What is required |
Transcribe exactly, and without pictures, only the lines from the one bearing "解读文章称,《泽州县促进人口" through the final line of the data below.
+===+
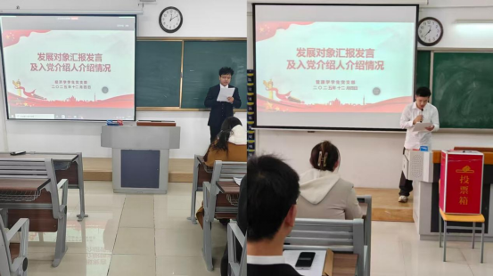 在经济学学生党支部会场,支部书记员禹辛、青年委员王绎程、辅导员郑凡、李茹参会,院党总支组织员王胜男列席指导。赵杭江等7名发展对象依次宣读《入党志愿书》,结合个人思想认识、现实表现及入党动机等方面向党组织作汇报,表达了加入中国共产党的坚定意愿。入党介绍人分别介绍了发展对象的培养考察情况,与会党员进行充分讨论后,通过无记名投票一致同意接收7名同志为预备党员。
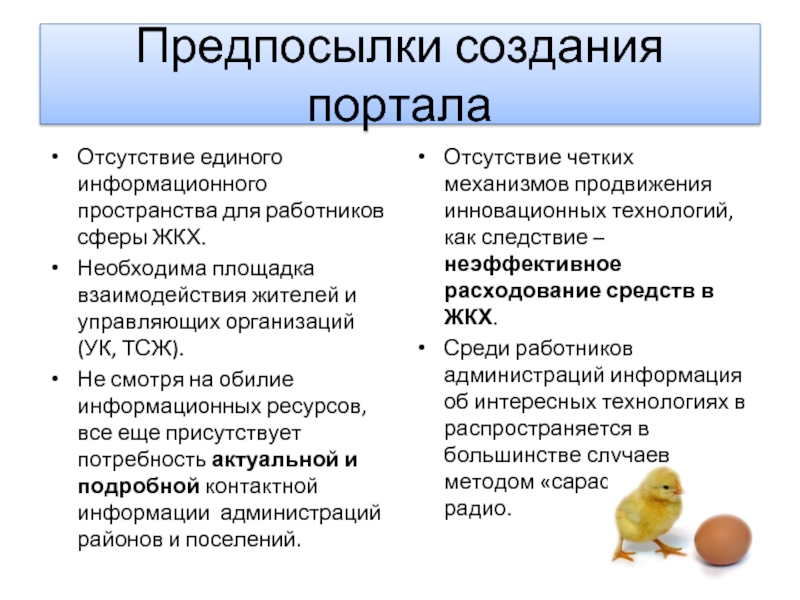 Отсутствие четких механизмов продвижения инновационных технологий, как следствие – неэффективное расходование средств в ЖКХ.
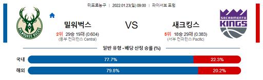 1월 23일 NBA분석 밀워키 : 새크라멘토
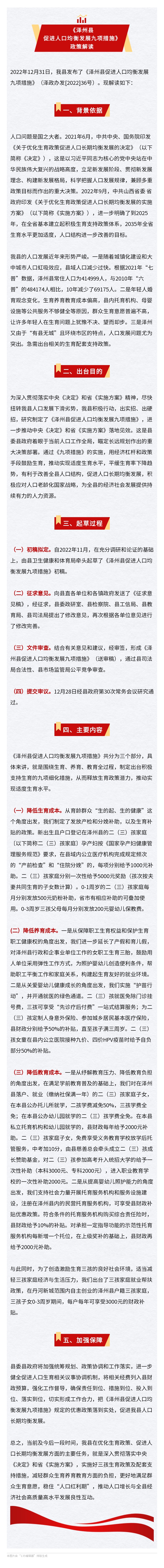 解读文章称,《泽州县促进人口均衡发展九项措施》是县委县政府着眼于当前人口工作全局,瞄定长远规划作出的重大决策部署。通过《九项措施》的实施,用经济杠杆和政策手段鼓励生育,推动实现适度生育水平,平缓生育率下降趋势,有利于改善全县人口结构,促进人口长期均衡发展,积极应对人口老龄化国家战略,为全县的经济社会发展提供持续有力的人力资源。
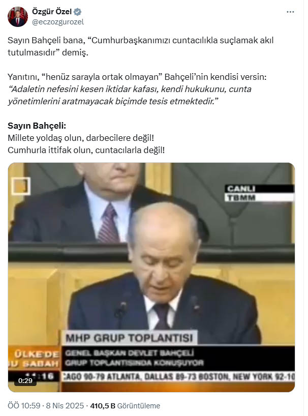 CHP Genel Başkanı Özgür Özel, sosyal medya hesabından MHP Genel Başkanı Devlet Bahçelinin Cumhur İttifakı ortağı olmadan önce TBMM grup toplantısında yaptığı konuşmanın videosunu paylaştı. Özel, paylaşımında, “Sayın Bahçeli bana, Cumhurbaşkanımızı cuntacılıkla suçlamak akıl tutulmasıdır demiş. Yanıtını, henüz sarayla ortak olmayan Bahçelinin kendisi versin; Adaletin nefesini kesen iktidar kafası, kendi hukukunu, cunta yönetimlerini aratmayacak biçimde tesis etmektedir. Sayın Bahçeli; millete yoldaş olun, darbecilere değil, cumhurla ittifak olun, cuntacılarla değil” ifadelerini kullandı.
+===+
Answer section |
 解读文章称,《泽州县促进人口均衡发展九项措施》是县委县政府着眼于当前人口工作全局,瞄定长远规划作出的重大决策部署。通过《九项措施》的实施,用经济杠杆和政策手段鼓励生育,推动实现适度生育水平,平缓生育率下降趋势,有利于改善全县人口结构,促进人口长期均衡发展,积极应对人口老龄化国家战略,为全县的经济社会发展提供持续有力的人力资源。
 CHP Genel Başkanı Özgür Özel, sosyal medya hesabından MHP Genel Başkanı Devlet Bahçelinin Cumhur İttifakı ortağı olmadan önce TBMM grup toplantısında yaptığı konuşmanın videosunu paylaştı. Özel, paylaşımında, “Sayın Bahçeli bana, Cumhurbaşkanımızı cuntacılıkla suçlamak akıl tutulmasıdır demiş. Yanıtını, henüz sarayla ortak olmayan Bahçelinin kendisi versin; Adaletin nefesini kesen iktidar kafası, kendi hukukunu, cunta yönetimlerini aratmayacak biçimde tesis etmektedir. Sayın Bahçeli; millete yoldaş olun, darbecilere değil, cumhurla ittifak olun, cuntacılarla değil” ifadelerini kullandı.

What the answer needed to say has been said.